Controlling Elastic Turbulence

TL;DR

This paper shows that elastic turbulence in a viscoelastic fluid can be controlled by shear-rate modulations, with turbulence suppressed at high modulation frequencies, and identifies the critical Deborah number for transition.

Contribution

It introduces a numerical study demonstrating control of elastic turbulence via shear-rate modulations in a Taylor-Couette setup, highlighting the transition dynamics.

Findings

Elastic turbulence can be suppressed by fast shear-rate modulations.

The transition from laminar to turbulent flow is supercritical at a critical Deborah number.
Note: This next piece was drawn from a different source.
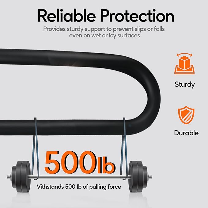 - INTEGRATED STRENGTH: Featuring a seamless welded design, our stair railing provides unparalleled integrity & 500LBS bearing capacity. This one-piece safety grab bar offers maximum stability for concrete or wood steps.

Flow resistance in the laminar regime aligns with the linear Maxwell model.

Abstract

We demonstrate through numerical solutions of the Oldroyd-B model in a two-dimensional Taylor-Couette geometry that the onset of elastic turbulence in a viscoelastic fluid can be controlled by imposed shear-rate modulations. While for slow modulations elastic turbulence is still present, it vanishes for fast modulations and a laminar response with the Taylor-Couette base flow is recovered. We find that the transition from the laminar to the turbulent state is supercritical and occurs at a critical Deborah number. In the state diagram of both control parameters, Weissenberg versus Deborah number, we identify the region of elastic turbulence. We also quantify the transition by the flow resistance, which in the laminar regime we can describe within the (linear) Maxwell model.